以DNA指纹图谱为指标的分子标记技术,标记的位点数远大于形态标记和生化标记,且不易受环境因素的影响,可弥补或解决形态标记和生化标记中的缺陷或难题,因此,被广泛用于植物品种的鉴定,ISSR(inter-simple sequence repeat,简单序列重复区间)是Zietkiewicz等在SSR(simplesequence repeat,简单序列重复)基础上创建的,基于PCR技术的一种新型分子标记,其基本原理是利用真核生物基因组中广泛存在的SSR来设计引物,而无需预先克隆和测序,用于ISSR-PCR 扩增的引物通常为16-18个碱基序列,其主体是2-4个碱基组成的串联重复序列,然后在其5′端或3’端加上1-4个锚定碱基,引起特定位点退火,使引物与相匹配的SSR的一端结合,从而保证ISSR引物能够对SSR之间的DNA序列进行PCR扩增,ISSR分子标记操作简单,可揭示的多态性较RAPD和RFLP、SSR高,重复性较RAPD好。
川续断issr反应体系的建立与优化
近来,细胞分子生物学中非常重要的一个研究方向之一是进化基因组学。
Issr (Inter Simple Sequence Repeat) 反应可以提供一种简单而强大的方式来进行进化基因组学研究,在许多研究中Issr反应被广泛用于识别物种边界,系统发育和遗传多样性等。

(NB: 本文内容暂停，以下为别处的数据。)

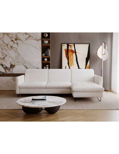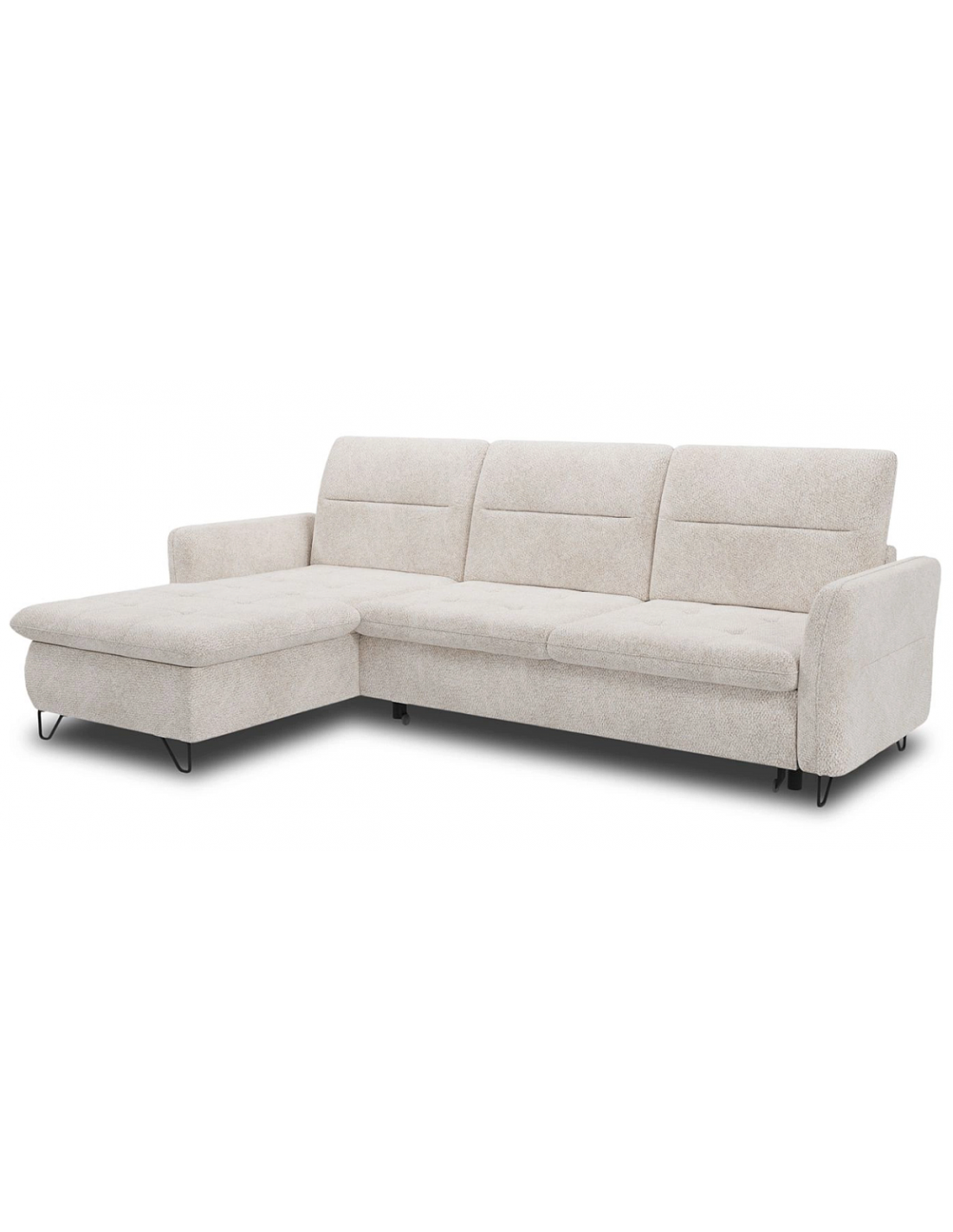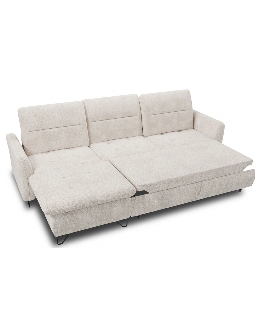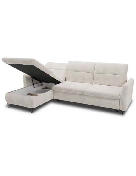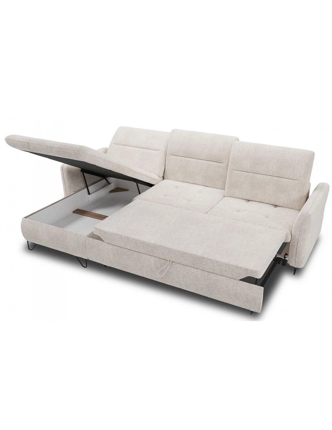 FIESTA stūra dīvāns ar guļamfunkciju ir moderna mēbele ar ietilpīgu uzglabāšanas nodalījumu, ērtu salocīšanas mehānismu un mīkstu sēdekli.

Issr反应是一个快速、灵敏的技术,可以用来检测植物材料中的内源性互补序列重复(SSCR),其特异性检测可以识别物种,并可以用来抵御环境挑战和重要生物性状的变异。
Issr反应体系由两个步骤组成,第一步是特性模板探针的检测,第二步则是对克隆片段进行PCR 扩增,以收集特异性信号。
因此,续断Issr反应体系的建立和优化成为当前研究的重要课题,以提高Issr反应的准确性和灵敏度。
首先,克隆的特异性片段需要通过特定的模板接头DNA来获得更高的灵敏度。
此外,一些特殊的反应体系也可以大大提升Issr反应的特异性,比如Y-Taq等。
最后,PCR产物可以经过适当的内切酶以及适当的混合条件来控制,从而尽可能减少无特异性反应产物的产生,提高Issr反应的灵敏度。
综上所述,续断Issr的反应体系的建立和优化是一项复杂的任务,但可以显著提高反应的准确性和灵敏度,从而为进化基因组学的研究提供更多的迅速而可靠的结果。